Task to carry out: Ignoring every picture, return the lines of the listing below word for word, from the line that holds "Kız Çocuk Kırmızı Düğmeli Kot Etek" through the line that holds "The DRAO Synthesis".

Data listing:
• • •

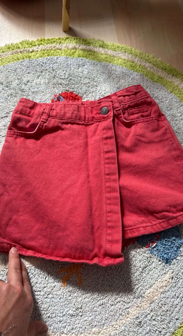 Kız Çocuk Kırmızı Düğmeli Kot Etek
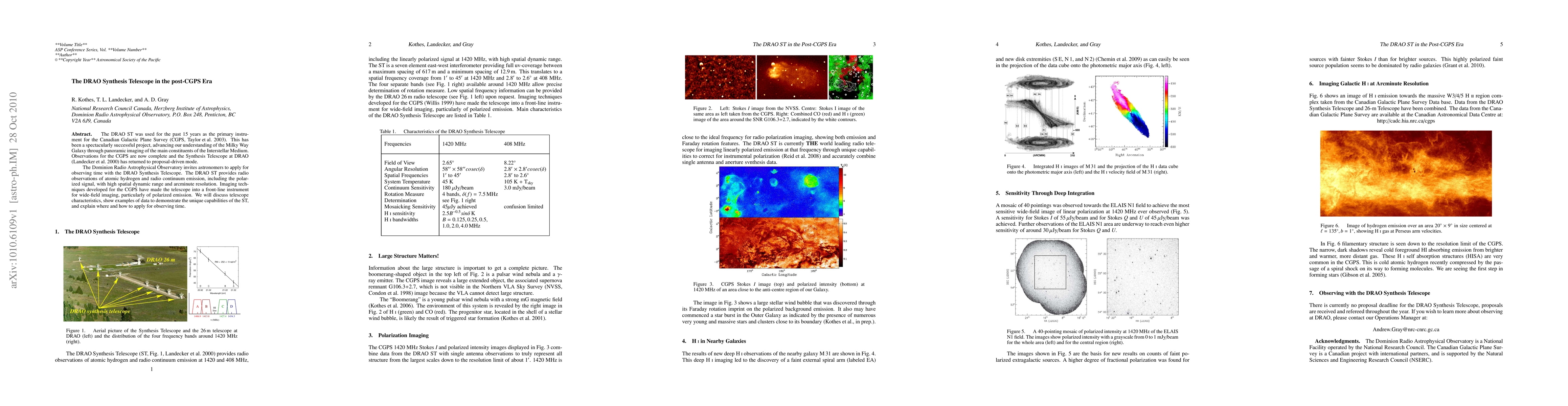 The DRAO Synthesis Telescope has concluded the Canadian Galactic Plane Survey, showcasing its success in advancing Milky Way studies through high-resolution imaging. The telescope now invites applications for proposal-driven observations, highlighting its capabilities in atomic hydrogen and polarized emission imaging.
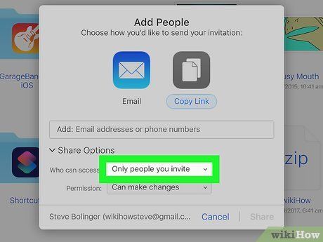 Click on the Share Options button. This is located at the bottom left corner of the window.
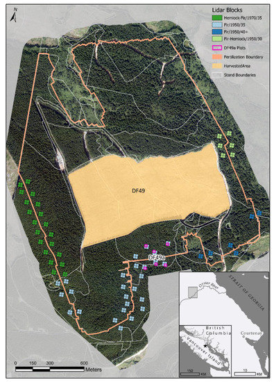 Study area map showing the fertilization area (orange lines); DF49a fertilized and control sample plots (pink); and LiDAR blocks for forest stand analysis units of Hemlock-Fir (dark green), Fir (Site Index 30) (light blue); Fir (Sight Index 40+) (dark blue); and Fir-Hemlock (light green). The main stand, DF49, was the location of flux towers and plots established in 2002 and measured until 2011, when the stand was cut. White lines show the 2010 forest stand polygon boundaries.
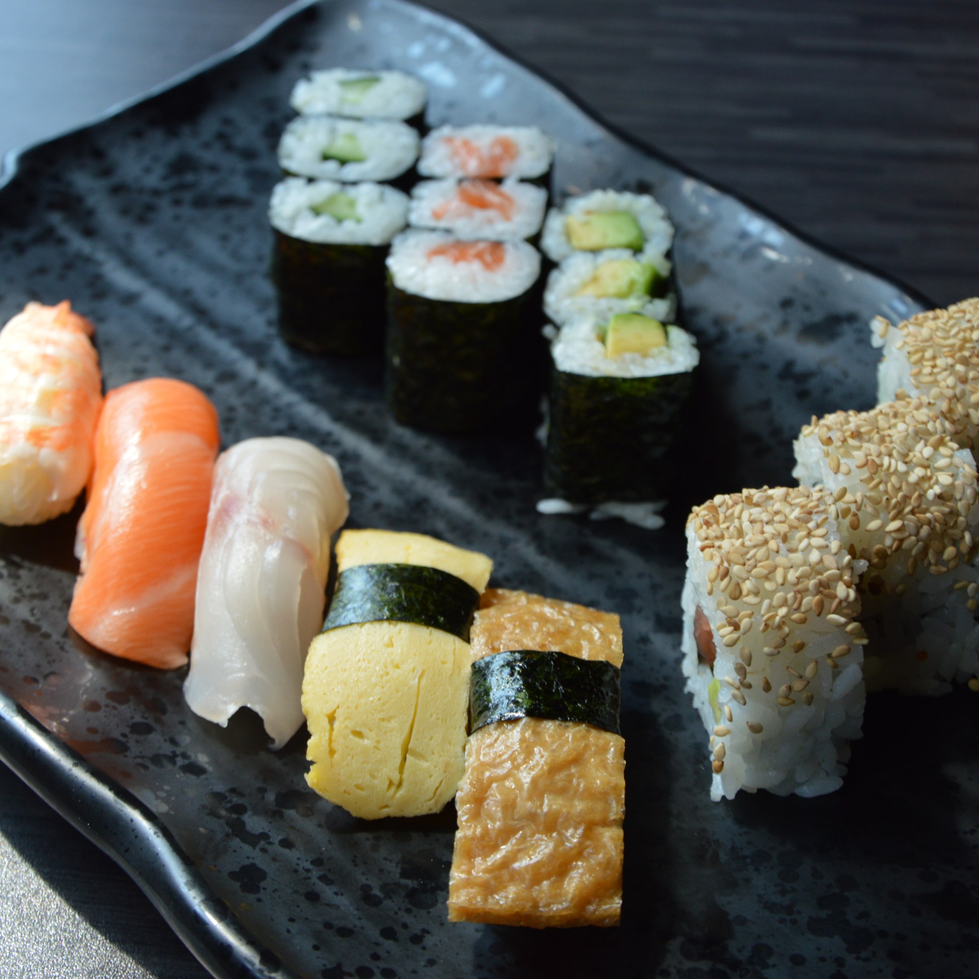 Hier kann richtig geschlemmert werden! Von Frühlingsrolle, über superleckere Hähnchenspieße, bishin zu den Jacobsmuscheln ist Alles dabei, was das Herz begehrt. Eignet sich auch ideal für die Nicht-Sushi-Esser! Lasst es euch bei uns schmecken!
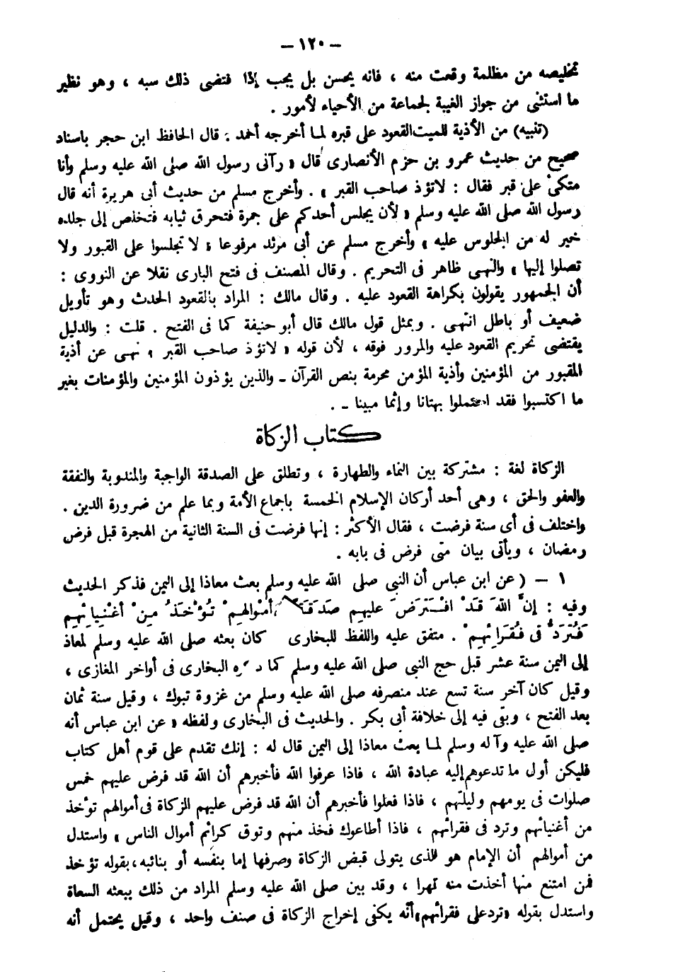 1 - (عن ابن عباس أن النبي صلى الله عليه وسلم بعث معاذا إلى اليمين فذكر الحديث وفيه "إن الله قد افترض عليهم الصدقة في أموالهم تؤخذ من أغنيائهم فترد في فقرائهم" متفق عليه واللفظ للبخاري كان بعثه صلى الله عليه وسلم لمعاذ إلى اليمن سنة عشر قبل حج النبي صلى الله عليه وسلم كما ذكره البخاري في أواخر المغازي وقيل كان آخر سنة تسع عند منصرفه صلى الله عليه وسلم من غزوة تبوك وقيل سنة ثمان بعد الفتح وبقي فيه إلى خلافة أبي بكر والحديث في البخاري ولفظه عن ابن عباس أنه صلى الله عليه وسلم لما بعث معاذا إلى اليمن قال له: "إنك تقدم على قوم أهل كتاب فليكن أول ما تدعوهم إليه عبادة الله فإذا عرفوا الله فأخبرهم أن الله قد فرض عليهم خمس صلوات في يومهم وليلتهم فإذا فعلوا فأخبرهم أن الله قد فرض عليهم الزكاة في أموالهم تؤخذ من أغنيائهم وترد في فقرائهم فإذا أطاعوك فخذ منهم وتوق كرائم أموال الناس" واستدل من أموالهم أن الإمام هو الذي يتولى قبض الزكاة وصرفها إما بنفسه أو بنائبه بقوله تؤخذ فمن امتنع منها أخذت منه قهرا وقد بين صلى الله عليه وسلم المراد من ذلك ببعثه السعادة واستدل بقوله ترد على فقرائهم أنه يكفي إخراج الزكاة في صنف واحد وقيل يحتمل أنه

• • •

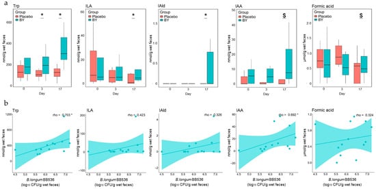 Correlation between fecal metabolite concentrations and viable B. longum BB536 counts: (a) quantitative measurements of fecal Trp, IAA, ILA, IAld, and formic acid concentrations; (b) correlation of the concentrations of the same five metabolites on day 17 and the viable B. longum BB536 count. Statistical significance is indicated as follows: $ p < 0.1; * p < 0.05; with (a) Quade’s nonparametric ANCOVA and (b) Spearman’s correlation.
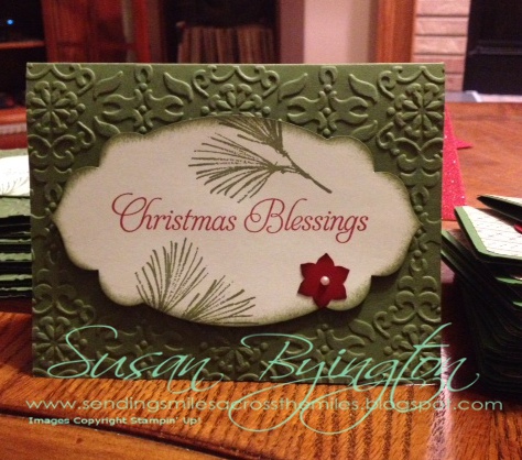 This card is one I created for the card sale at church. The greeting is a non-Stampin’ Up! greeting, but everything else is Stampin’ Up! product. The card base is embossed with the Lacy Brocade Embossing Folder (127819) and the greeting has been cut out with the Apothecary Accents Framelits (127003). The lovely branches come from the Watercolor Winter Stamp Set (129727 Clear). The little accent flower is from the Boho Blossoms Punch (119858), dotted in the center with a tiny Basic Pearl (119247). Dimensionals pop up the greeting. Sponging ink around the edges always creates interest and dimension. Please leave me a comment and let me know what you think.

• • •

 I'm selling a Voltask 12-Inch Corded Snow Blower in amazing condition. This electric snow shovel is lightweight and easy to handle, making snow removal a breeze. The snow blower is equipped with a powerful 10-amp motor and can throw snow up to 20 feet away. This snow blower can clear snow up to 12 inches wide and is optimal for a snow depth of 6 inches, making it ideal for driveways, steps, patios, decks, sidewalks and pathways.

• • •

Answer section:
 Kız Çocuk Kırmızı Düğmeli Kot Etek
 The DRAO Synthesis Telescope has concluded the Canadian Galactic Plane Survey, showcasing its success in advancing Milky Way studies through high-resolution imaging. The telescope now invites applications for proposal-driven observations, highlighting its capabilities in atomic hydrogen and polarized emission imaging.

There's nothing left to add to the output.